Tendon introduction
Tendon is one of the important components of the musculoskeletal system, which links muscles to bones, so that the tensile force created by muscles can be transmitted to bone for body movement. Tendon injury and defects are common diseases of the musculoskeletal system. Nevertheless, the treatment of tendon defects remains a major challenge to reconstructive surgery, partly because there is limited availability of autologous tendon grafts.

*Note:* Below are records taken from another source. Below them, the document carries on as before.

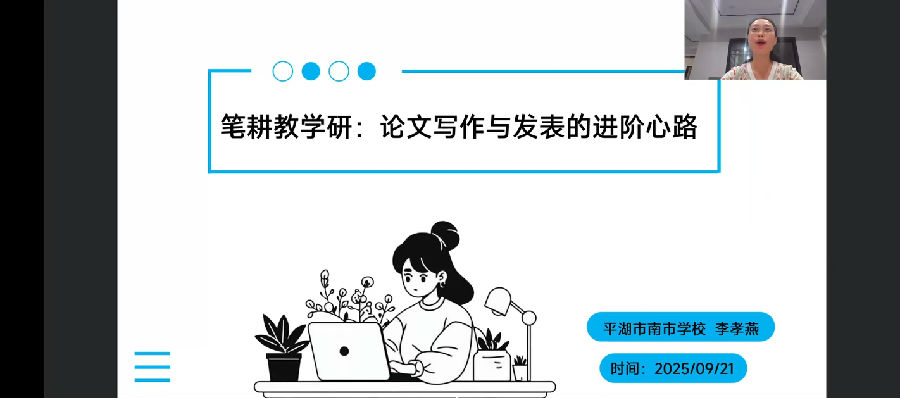 2025 年 9 月 21 日,温州市沈玲飞名师工作室第十七次活动聚焦教师专业成长核心需求,特邀嘉兴平湖市南市学校英语教师、浙派名师培养人李孝燕老师,带来《笔耕教学研:论文写作与发表的进阶心路》专题讲座。作为嘉兴市学科教学带头人、浙江省 “教改之星”,李老师深耕一线教学十余年,累计发表论文 30 余篇(其中 6 篇被人大复印报刊资料全文转载),主持课题 10 余项。她以 “言意兼得” 的教学主张为引领,凭借 “教学研一体化” 的实践智慧,为工作室教师打造了一场兼具理论高度与实操价值的 “科研赋能课”,点亮论文写作与专业发展的进阶之路。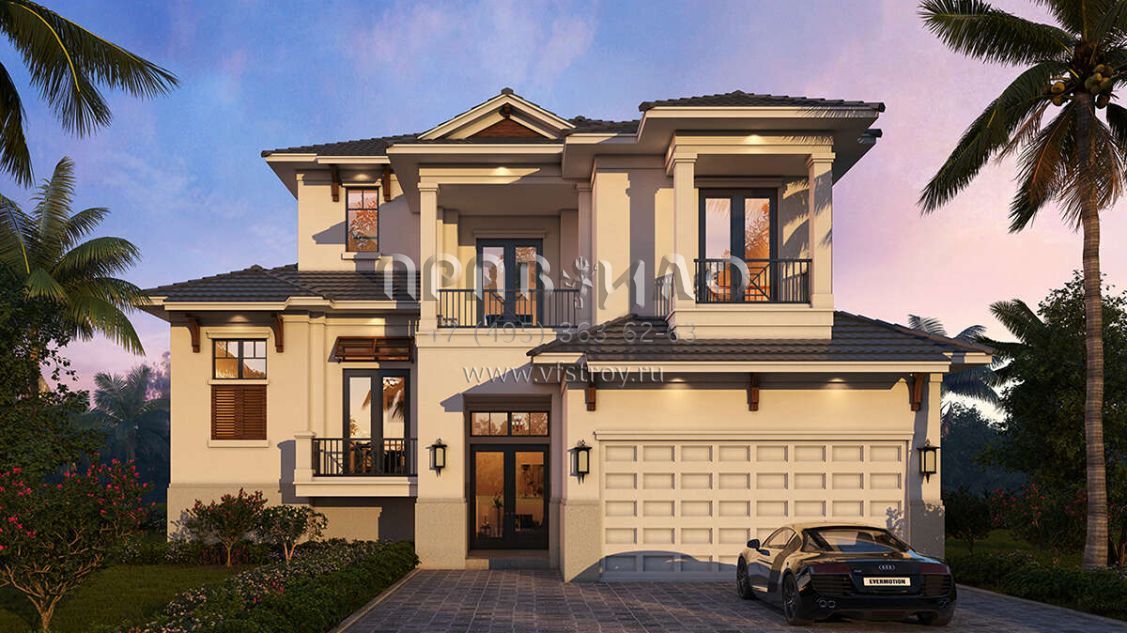 Проект двухэтажного дома с гаражом на две машины в современном стиле S5-252 (5565-00067)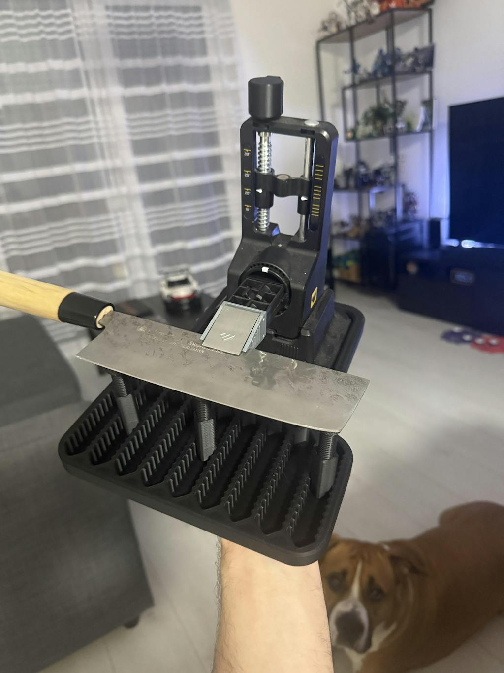 Designed for stability and accessibility, this platform eliminates the need to hold the Work Sharp base with one hand while sharpening with the other. It includes three adjustable knife supports that lock firmly into position, each with height control to support short, long, thin, or tall blades. The slots are spaced 5 mm apart, offering 126 support placements for precise fit and full blade control.

Regenerative medicine represents the future direction for tendon repair and functional recovery, in which stem cell therapy, tissue engineering, and regenerative materials will play important roles in tendon regeneration. Actually, engineered tendon repair might be the major contributor to tendon regeneration, because it can also integrate stem cells and biomaterials into tendon regeneration, although we are a long way from its ultimate translation to clinical therapy.
Scaffold materials
General requirements on tendon scaffold materials
As the major contributor to tissue regeneration, biomaterial plays a key role in engineered tendon regeneration, because it provides an essential scaffold for extracellular matrix (ECM) production and tissue formation. The main tendon extracellular matrix is type I collagen, which is highly organized in a hierarchy of bundles that are aligned in a parallel fashion. In addition, there are small amounts of other collagens and proteoglycans, such as collagens type III, V, XII, and XIV, decorin, and tenascin. In particular, the small linking proteins play important roles in enabling the structural integrity of tendon and affording it mechanical strength. This unique structure provides the unique biomechanical properties of tendon tissues. Therefore, the parallel alignment structure and mechanical strength should be considered for tendon scaffold design.